Иногда одна и та же лингвокультурологическая единица воплощается и в мифах, и в поговорках, и во фразеологизмах: ВОЛК содержит в себе представление древних славян о грабителе, убийце, резне, т. е. мифологему «волк-разбойник», которая накладывает отпечаток на метафору волк зарезал. Неизменность разбойничьих привычек волка нашла отражение в поговорке «Волк каждый год линяет, но обычая не меняет», а затем закрепилась во ФЕ волчья хватка и др.
Рассмотрим кратко перечисленные нами сущности.
Лингвокультурология возникла и развивалась как особый анализ ФЕ, которые считаются ценнейшим источником сведений о культуре и менталитете народа, в них как бы законсервирована культура — мифы, легенды, обычаи, ритуалы.

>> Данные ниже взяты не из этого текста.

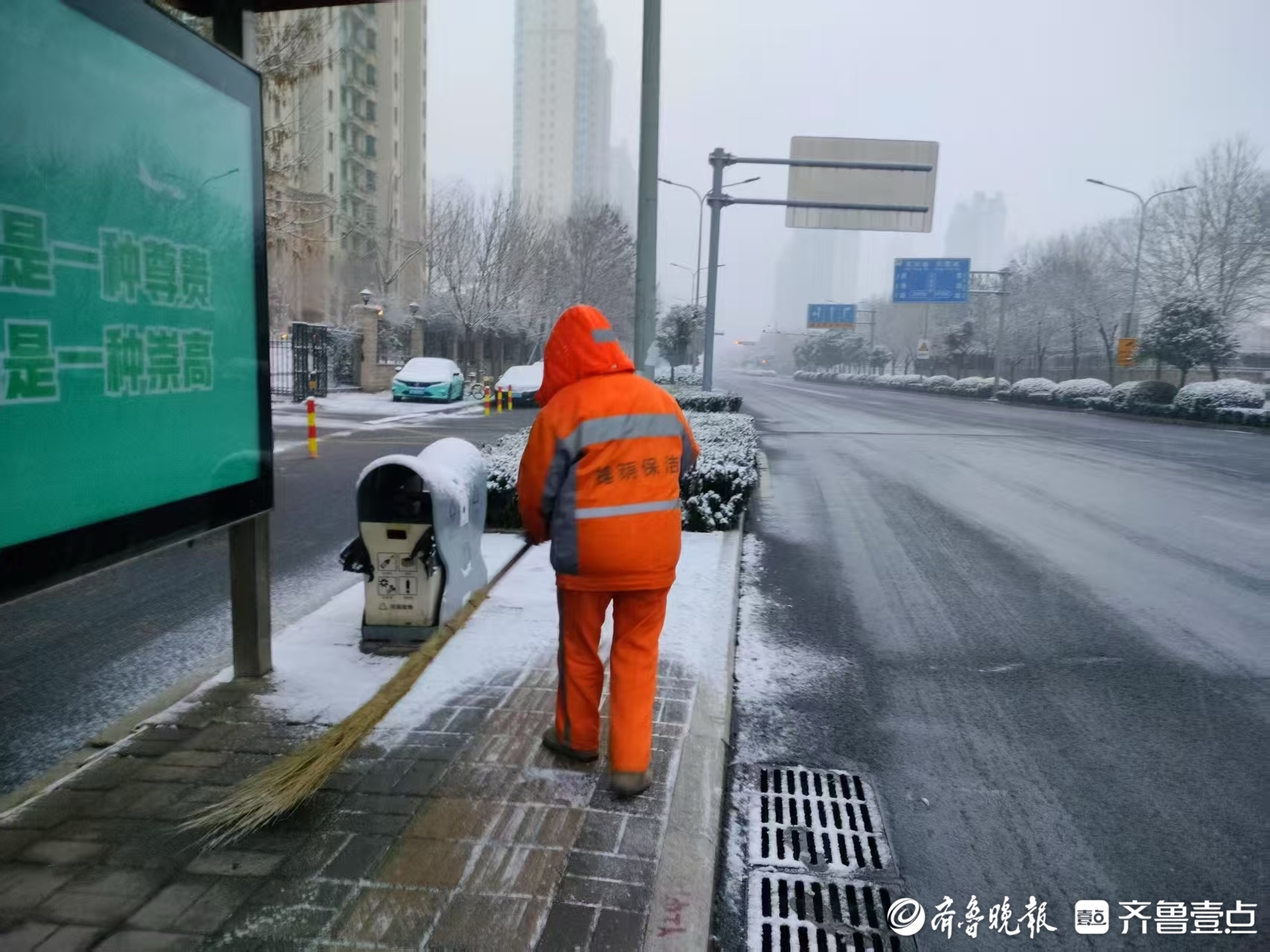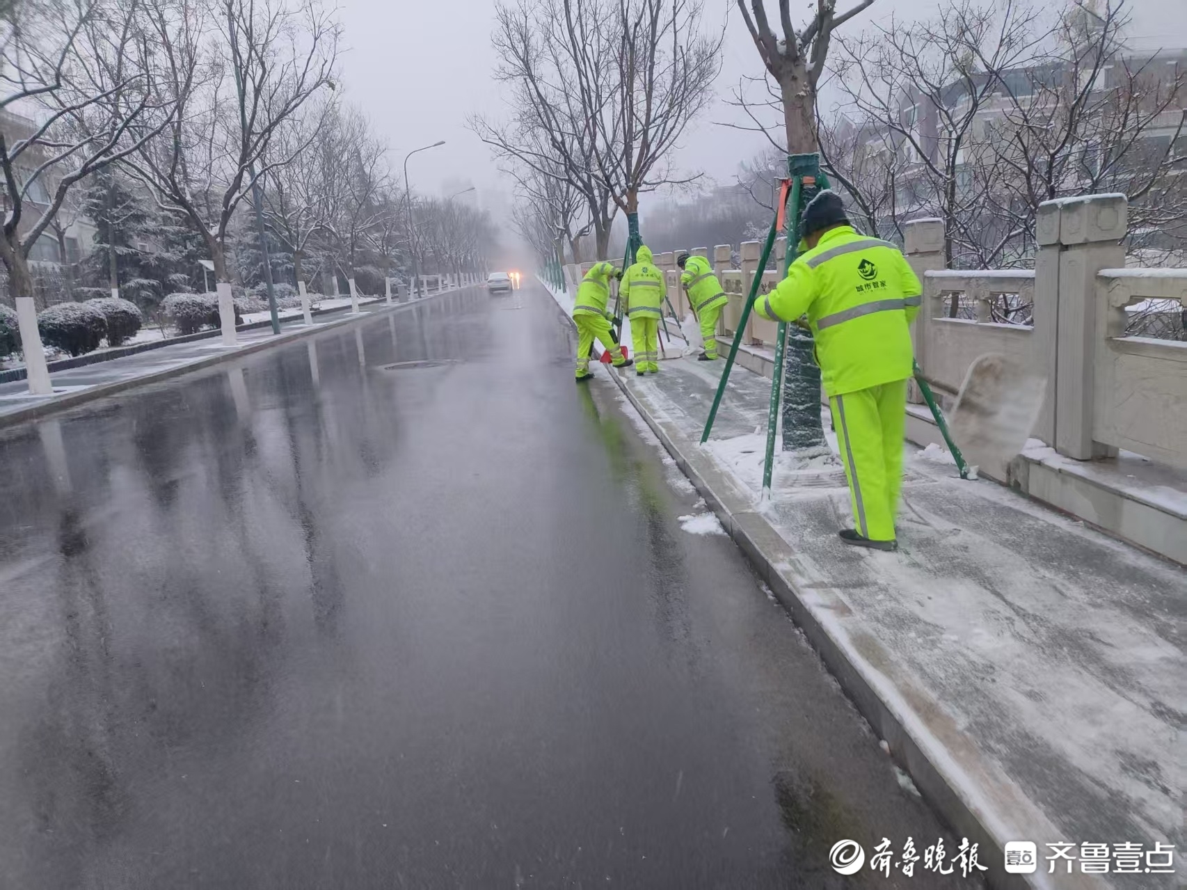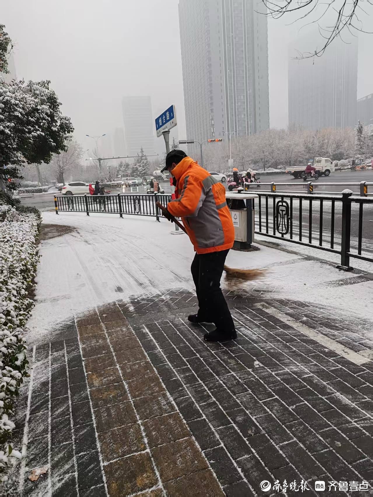 组图|2025年首场降雪已至,泉城环卫人坚守岗位忙碌中 壹现场 2025-01-26 7661 齐鲁晚报·齐鲁壹点 李梦瑶 1月26日,济南迎来2025年首场降雪。在一片白茫茫的街景中,环卫工人一早到达岗位, 他们的工作服显得格外耀眼。他们全副武装,手拿工具,清理积雪,成为雪中一道亮丽的风景线。 责任编辑:王杰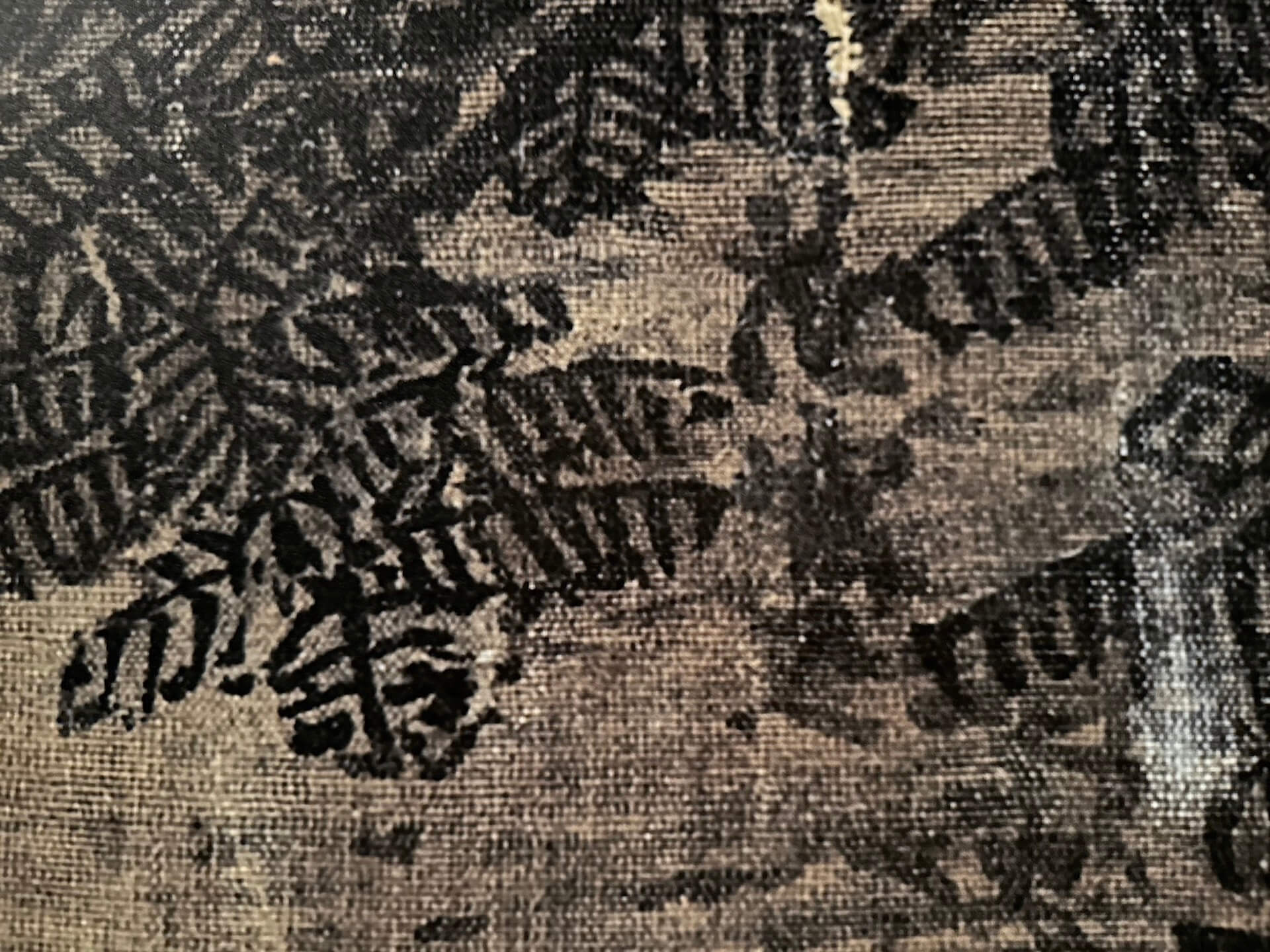 這二字簽名極為重要,因為它是本幅得名之由來,只是它藏得太隱秘了,幾百年來竟未被人發現,想到這幅名畫不知經過多少人欣賞摩挲,一直到今天才為我們尋到發名,不能不說是一件「奇蹟」。

Фразеологизмы как бы навязывают носителям языка особое видение мира, ситуации, необходимость этикетного поведения (садиться не в свои сани, как пить дать, несолоно хлебавши, ломать шапку), традиции и обычаи (из полы в полу, вывести на чистую воду) и т. д. Общечеловеческие знания о мире также присутствуют во ФЕ типа развязать язык, связать по рукам и ногам, в которых живет семантика узла, связывания как магического действия, т. е. национальная культура в них явлена через связь с мифологией, которая является достаточно общей, по крайней мере, для славянских народов.

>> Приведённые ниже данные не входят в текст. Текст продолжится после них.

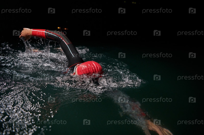 Решительный профессиональный триатлонист проходит тщательную ночную тренировку в холодной воде, демонстрируя преданность делу и стойкость в подготовке к предстоящим соревнованиям по триатлону по плаванию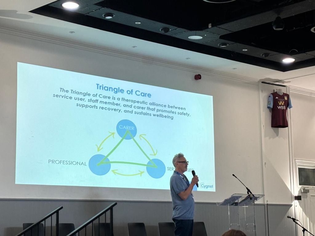 Julian focused on the Triangle of Care, a model that promotes a therapeutic alliance between the service user, the professional, and the carer.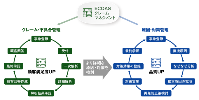 ECOAS クレームマネジメント for SaaSは、クレーム対応における「クレーム・不具合管理」および「原因・対策管理」を効率化するクラウド型のワークフローシステムです。「クレーム・不具合管理」ではクレーム受付から顧客回答までを、「原因・対策管理」では原因究明から対策実施までをシステム上で一元管理し、関連部門で情報共有しながら迅速かつ効果的に進めることが可能で、顧客満足度の向上とサービス品質の改善に貢献します。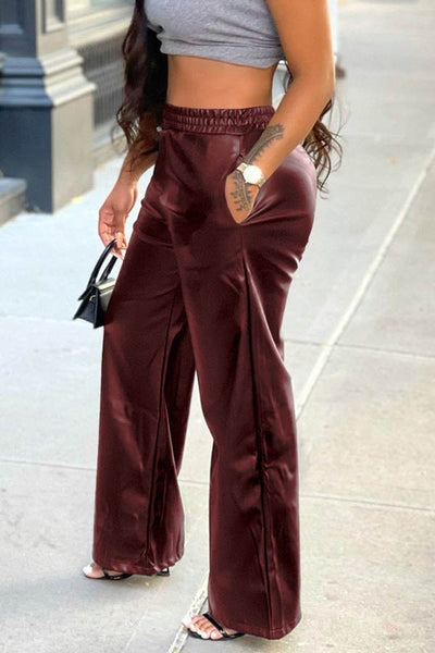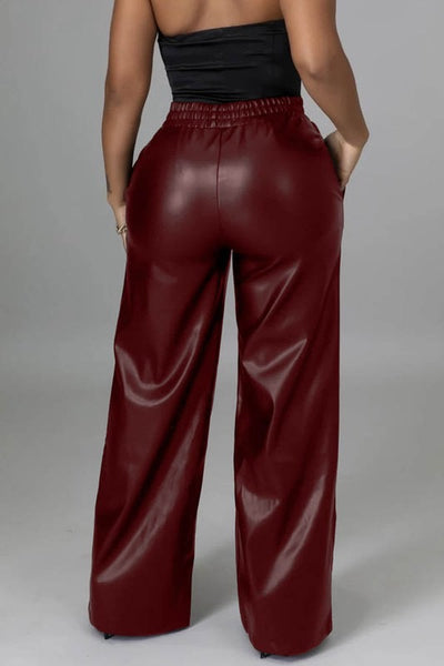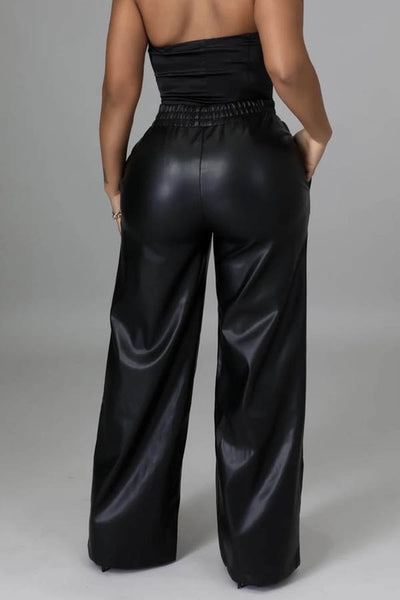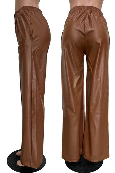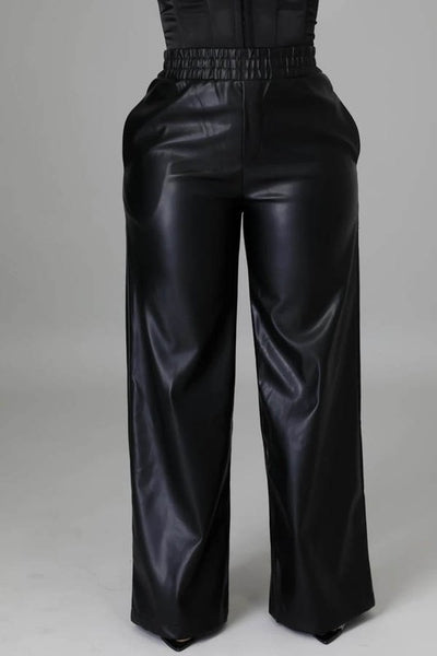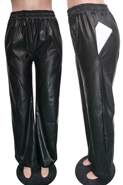 Look fierce and fashionable in our Fly Girlie Faux Leather Pants! Made with high-quality faux leather, these pants are sure to elevate any outfit. With an elastic waist for ultimate comfort and pockets for convenience, these pants also boast a great relaxed fit and a wide legged design. Stay stylish and comfortable in these must-have pants.

Известный русский языковед Б. А. Ларин писал: «Фразеологизмы всегда косвенно отражают воззрения народа, общественный строй, идеологию своей эпохи. Отражают, как свет утра отражается в капле росы». Эта языковая сущность достаточно хорошо описана В. Н. Телия и ее школой (М. Л. Ковшовой, В. Красных, И. В. Зыковой и др.).
Представляют особый интерес мифологизированные языковые единицы: архетипы и мифологемы, обряды и поверья, ритуалы и обычаи, закрепленные в языке.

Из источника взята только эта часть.